Buddhist Thai temple

Wat Mongkolratanaram is a Buddhist Thai temple on the bank of the Palm River in Tampa, Florida. It was founded in 1981 as well as dedicated and registered as a temple on 19 May 1981. Besides a temple, it acts as an education and support centre.

The temple's grounds host a Sunday food market with Thai cuisine.

== History ==
In 1981, Phramongkolthep Moli, an assistant abbot, came to meet with Buddhists from various cities in Florida, and agreed to build the first temple in Tampa, Florida, which has a high Thai Buddhist population. A temple was recorded as Wat Mongkolratanaram of Florida Inc., Thai Buddhist Temple, Interbay Area Florida. It was founded on 19 May 1981 under the Thai Sangha Assembly. Until the property at 5306 Palm River Road was purchased in 1982, religious services were held in a house rented off of Dale Mabry Highway. The new property had a living room-sized white concrete building that served as the temple. In 1986, they bought four more acres to expand the temple complex.

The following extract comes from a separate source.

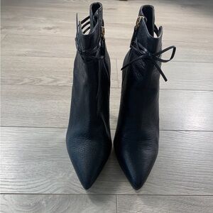 REISS Black Pointed Toe Leather Heeled Ankle Boots

The first Sunday Market was held in 1987 and has become a weekly tradition. They began saving for a traditional Thai Buddhist temple in 1990 and held the groundbreaking for a dormitory and temple in 2004. In 2005, they had raised one third of the one million dollars needed to finish the temple. The temple was completed and dedicated in May 2007. In November, emissary to King Bhumibol Adulyadej, Judge Kongsak Watcharakongsak, came to Tampa to present the temple with the royal Thot Kathin (sacred robe), the highest religious honor in Thailand. The Wat Mongkolratanram was the first Buddhist temple in the United States to receive such an honor. Since 2007, there have been three updates to the temple grounds: a new deck in 2008, a seawall and benches were added in 2011, and refurbished the Sunday Market deck and replaced the aging boat dock in 2015.

== Architecture ==
The current temple building and dormitories were constructed in 2006 and 2007. The temple is a traditional Thai Buddhist Viharn where several Buddhist ceremonies take place and the area where both monks and lay people will come to pray. The temple has various gold elements due to the Buddhist belief that gold is the symbol for happiness, purity, enlightenment and freedom. Gold elements include a tile roof, golden chofas, decorative gold pediments on all three eaves, a tympanum, a golden archway on the entrance, and gold capitals on each of the columns surrounding the building. Within the temple complex there is a colorful naga, which is believed to protect the temple.